WORK TO COMPLETE -
Below is a listing with pictures in it; transcribe exactly the lines from the one that has "- Controllo raggruppato" through the one that has "九成以上用戶愿意繼續(xù)", and omit those pictures.

DATASET CONTENT -

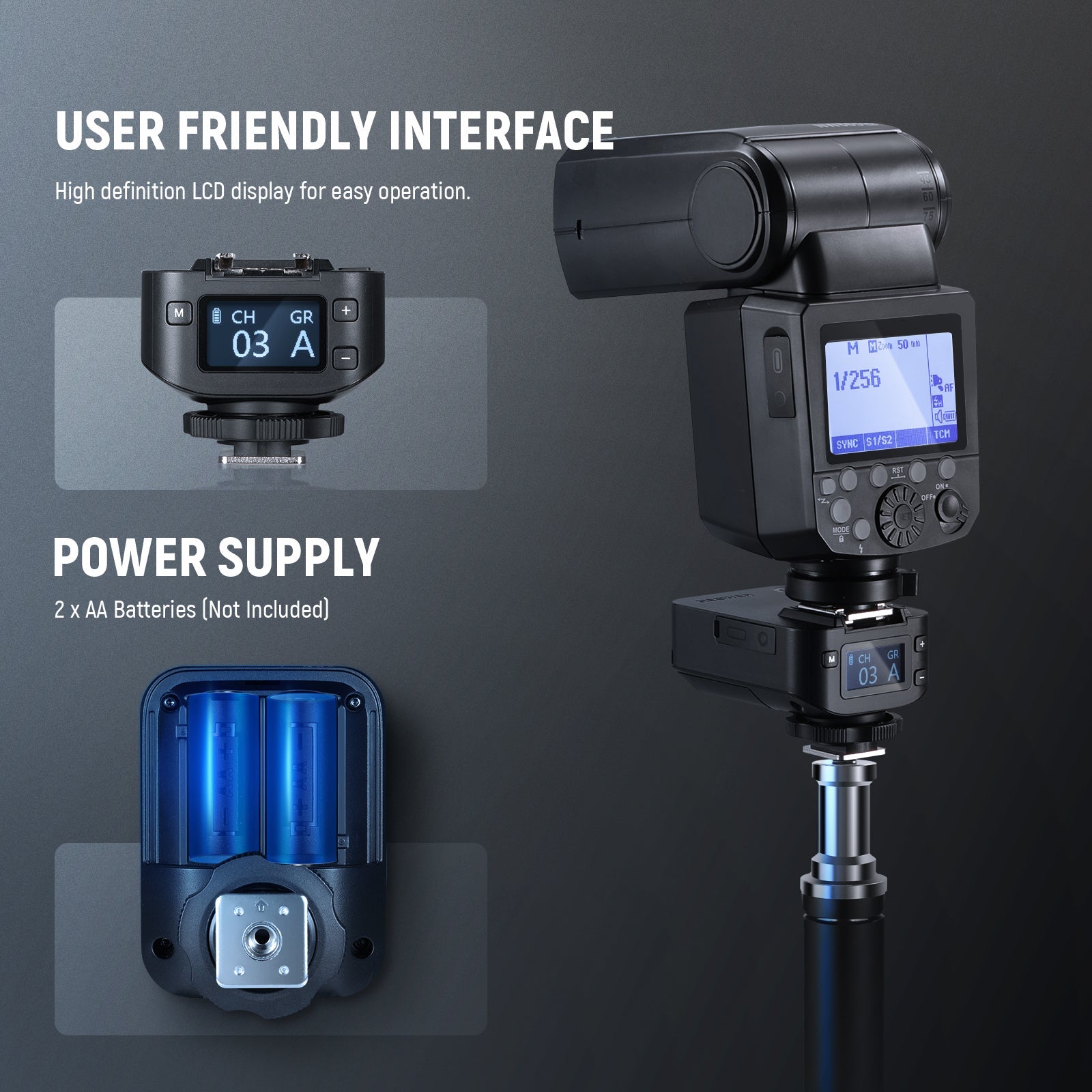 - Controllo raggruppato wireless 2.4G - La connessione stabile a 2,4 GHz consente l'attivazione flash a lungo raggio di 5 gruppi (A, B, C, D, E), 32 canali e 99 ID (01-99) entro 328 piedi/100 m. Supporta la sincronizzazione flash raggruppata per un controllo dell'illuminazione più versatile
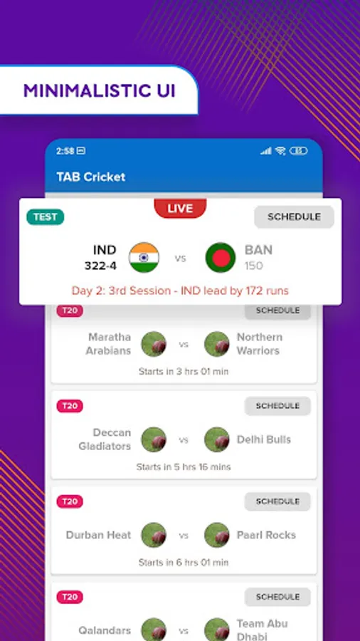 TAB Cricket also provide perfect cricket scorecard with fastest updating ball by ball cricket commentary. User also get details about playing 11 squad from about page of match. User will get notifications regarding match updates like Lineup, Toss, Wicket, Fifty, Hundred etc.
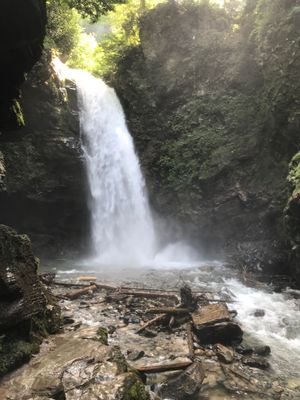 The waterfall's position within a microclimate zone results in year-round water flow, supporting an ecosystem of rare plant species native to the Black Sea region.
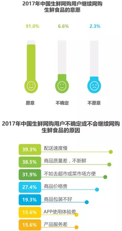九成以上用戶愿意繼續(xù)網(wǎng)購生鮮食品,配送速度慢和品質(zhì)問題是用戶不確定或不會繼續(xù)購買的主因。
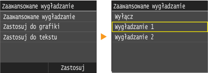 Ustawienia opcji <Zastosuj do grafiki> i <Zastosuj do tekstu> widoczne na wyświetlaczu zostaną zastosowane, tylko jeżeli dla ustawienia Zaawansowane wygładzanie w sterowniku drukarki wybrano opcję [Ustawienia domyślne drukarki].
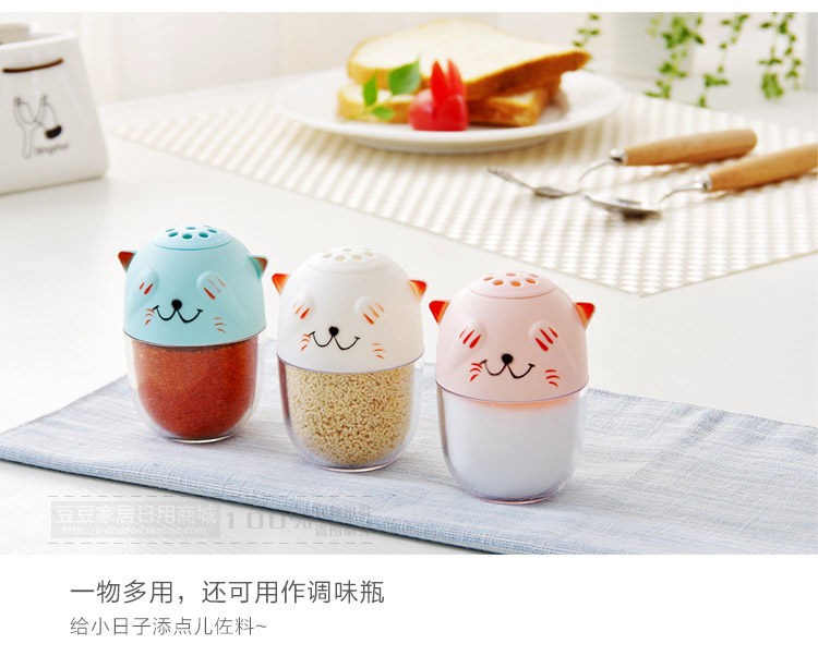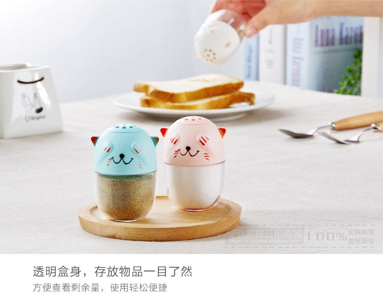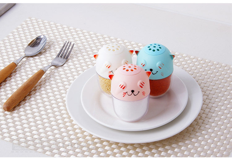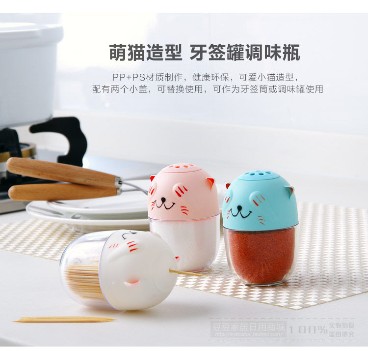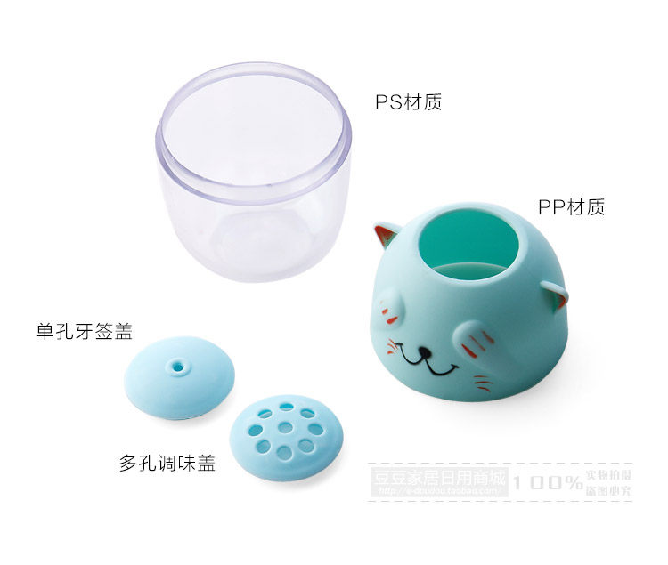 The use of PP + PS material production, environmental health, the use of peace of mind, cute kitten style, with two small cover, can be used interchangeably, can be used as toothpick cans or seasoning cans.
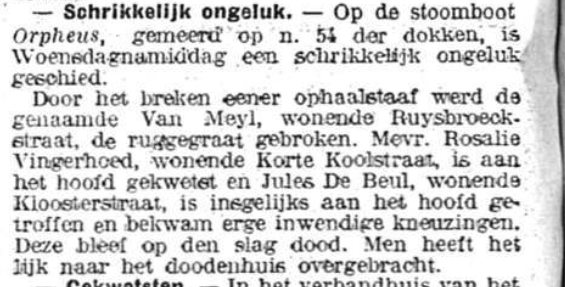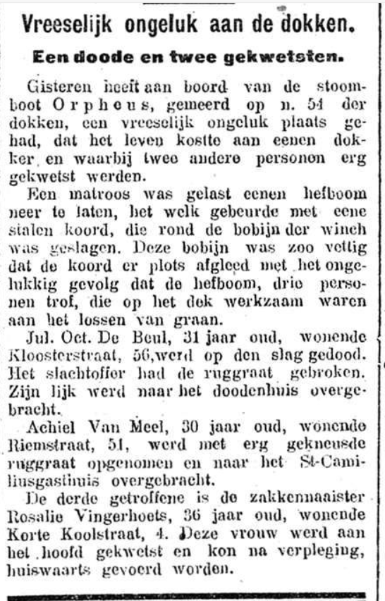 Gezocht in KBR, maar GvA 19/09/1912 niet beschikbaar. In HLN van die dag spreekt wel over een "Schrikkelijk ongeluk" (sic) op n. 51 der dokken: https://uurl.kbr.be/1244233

---

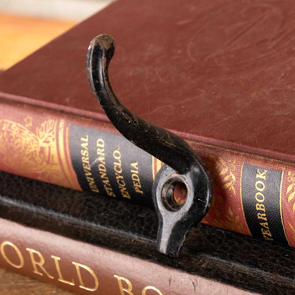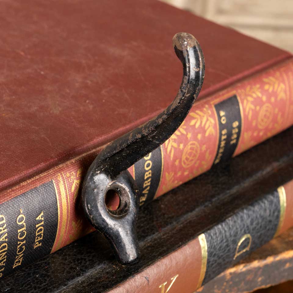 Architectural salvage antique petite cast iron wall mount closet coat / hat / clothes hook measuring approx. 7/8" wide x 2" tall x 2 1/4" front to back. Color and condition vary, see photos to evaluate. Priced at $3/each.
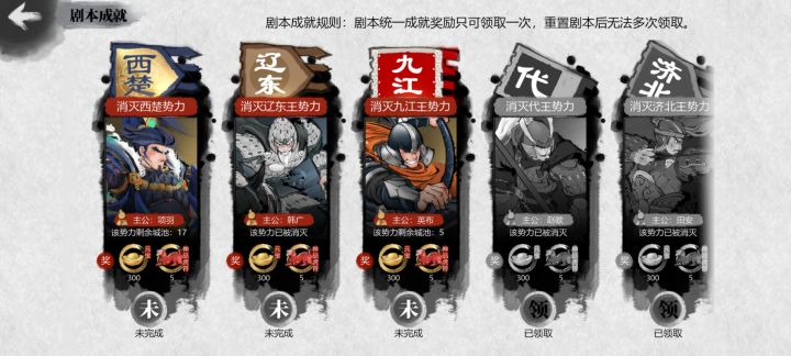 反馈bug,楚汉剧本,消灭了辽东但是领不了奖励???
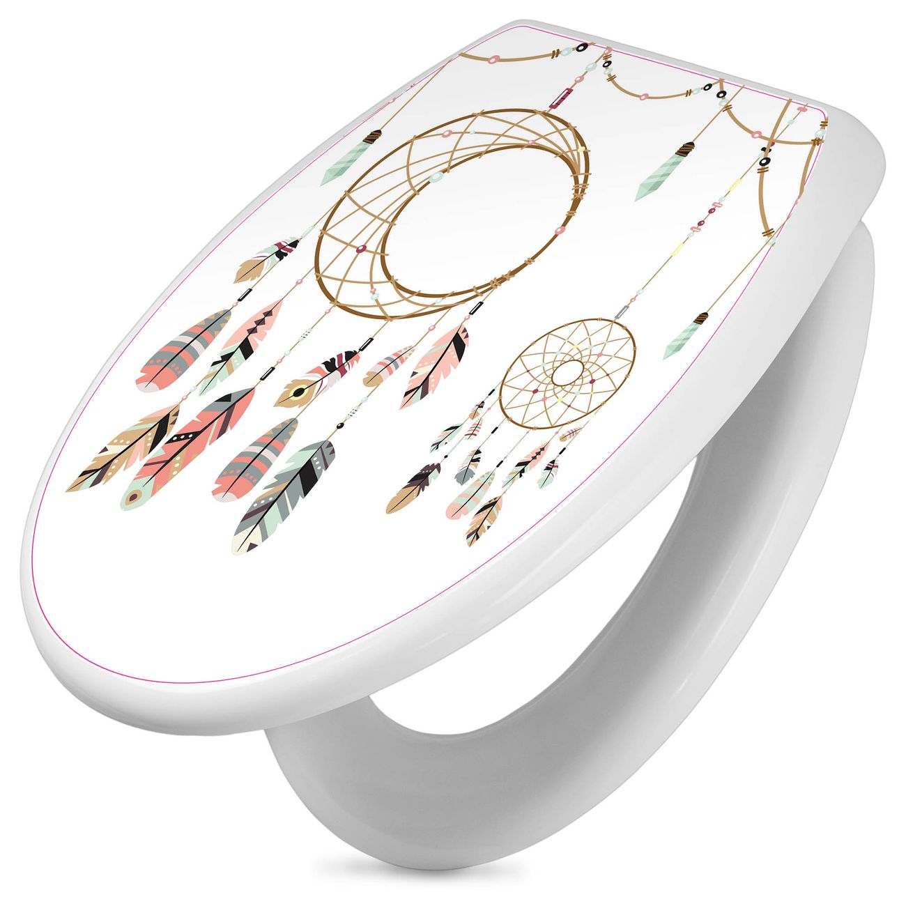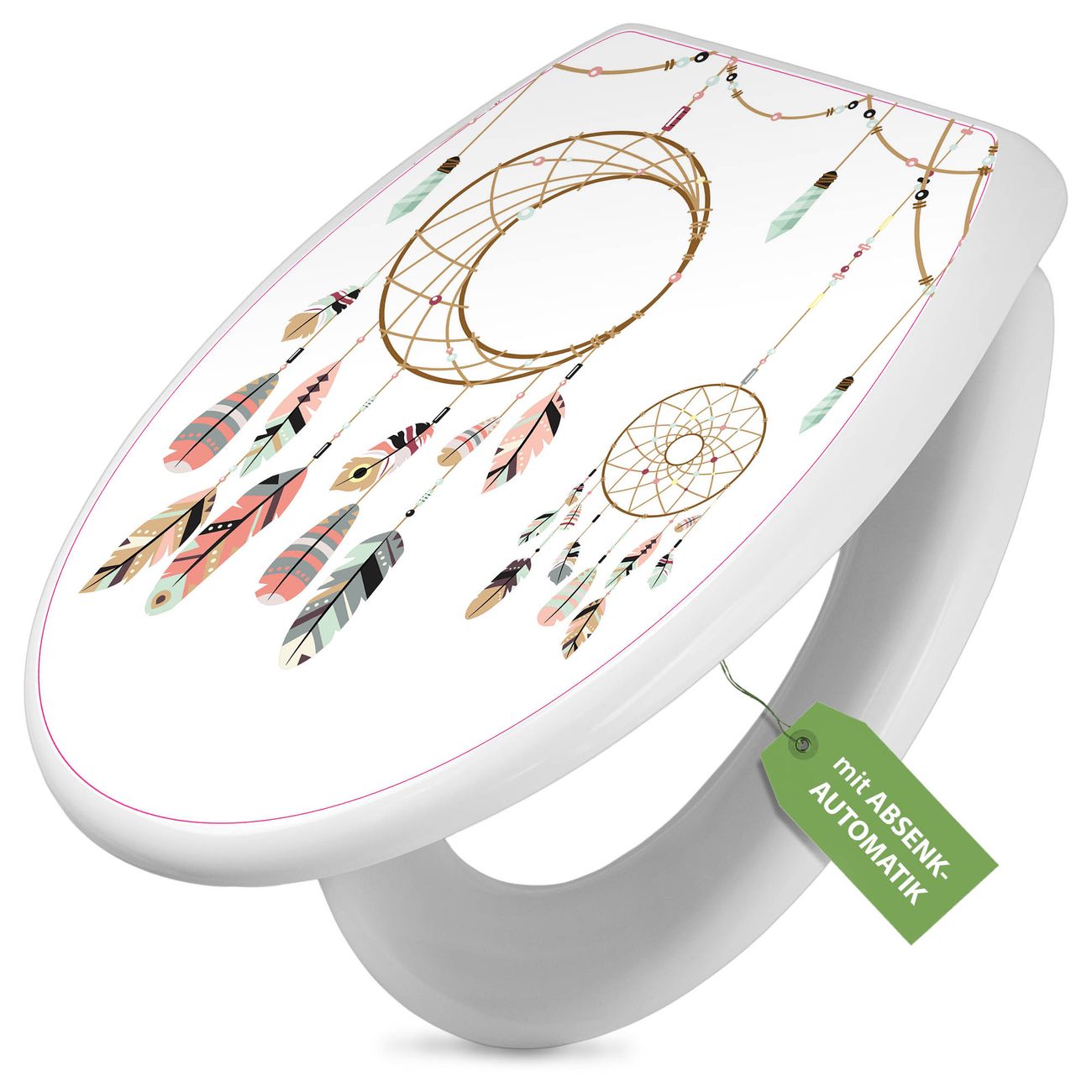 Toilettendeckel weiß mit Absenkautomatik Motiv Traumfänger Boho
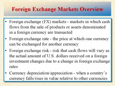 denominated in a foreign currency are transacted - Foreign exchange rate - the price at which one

--

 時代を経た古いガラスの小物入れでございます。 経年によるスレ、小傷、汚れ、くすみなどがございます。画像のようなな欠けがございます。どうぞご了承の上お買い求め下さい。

EXERCISE RESULT -
 - Controllo raggruppato wireless 2.4G - La connessione stabile a 2,4 GHz consente l'attivazione flash a lungo raggio di 5 gruppi (A, B, C, D, E), 32 canali e 99 ID (01-99) entro 328 piedi/100 m. Supporta la sincronizzazione flash raggruppata per un controllo dell'illuminazione più versatile
 TAB Cricket also provide perfect cricket scorecard with fastest updating ball by ball cricket commentary. User also get details about playing 11 squad from about page of match. User will get notifications regarding match updates like Lineup, Toss, Wicket, Fifty, Hundred etc.
 The waterfall's position within a microclimate zone results in year-round water flow, supporting an ecosystem of rare plant species native to the Black Sea region.
九成以上用戶愿意繼續(xù)網(wǎng)購生鮮食品,配送速度慢和品質(zhì)問題是用戶不確定或不會繼續(xù)購買的主因。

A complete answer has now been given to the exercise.